A national electronic health record is a vital part of an efficient and effective health service. It needs to be properly planned, resourced and implemented without delay.

Ireland trains enough doctors every year, but they are leaving for or remaining in other English-speaking countries because they are not being treated in an equitable manner here and their working conditions are much better abroad. Our highly trained specialists will remain in Australia, New Zealand, Canada and the US or they will practise outside the public hospital system in Ireland unless the Government ends the 2012 inequity and ensures our public hospitals' capacity deficits are remedied. These are the basic essentials that are required to ensure that our public hospitals recruit and retain the talent we need. This is vital if the country wants an effective public hospital service, particularly as medical and surgical care are evolving at pace. We need an environment that supports hospital consultants who provide the essential care to treat patients successfully. We also need an environment where there is demonstrable equity of treatment for consultants who have taken up contracts since 2012 as was unambiguously committed to by the Minister, Deputy Stephen Donnelly, last October. The Government's failure to address the recruitment crisis and restore pay parity is driving our highly trained specialists abroad and exacerbates the extremely challenging task post Covid with the significant backlogs and waiting lists across all specialties, including cancer.

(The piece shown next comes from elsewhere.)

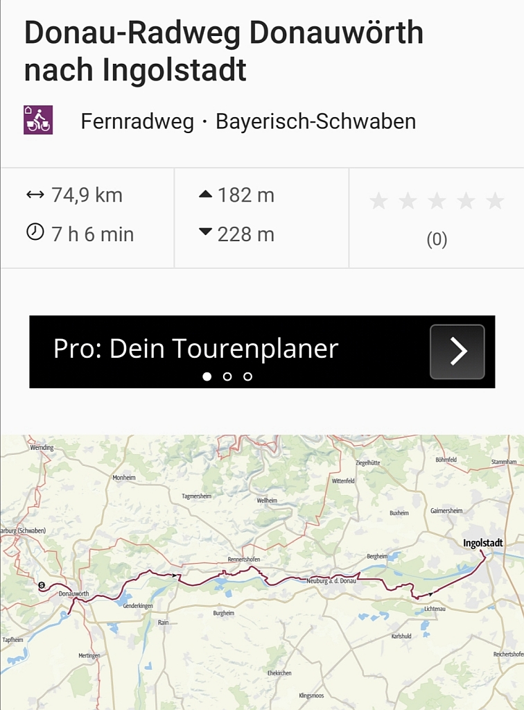 Die erste Etappe geht von Donauwörth-Wörnitzstein über Donauwörth (ab dort folgen wir dem Donau-Radweg) und kleinere Ausläufer der fränkischen Alp nach Ingolstadt. Gemäß der Wegbeschreibung sollen dies knappe 60 Kilometer sein.

In conclusion, our ability to respond to the backlog of care that has built up involves many factors, with recruitment of consultants and physical capacity being the principal two. Without addressing these twin deficits, the structural mismatch between capacity and demand will continue to increase waiting times rather than decrease them. We are, like Tennyson, climbing the ever climbing wave. The solution is obvious: we simply must appoint additional consultants on terms to be agreed with the association. This action now will prevent the current crisis from continuing for the rest of the decade and beyond.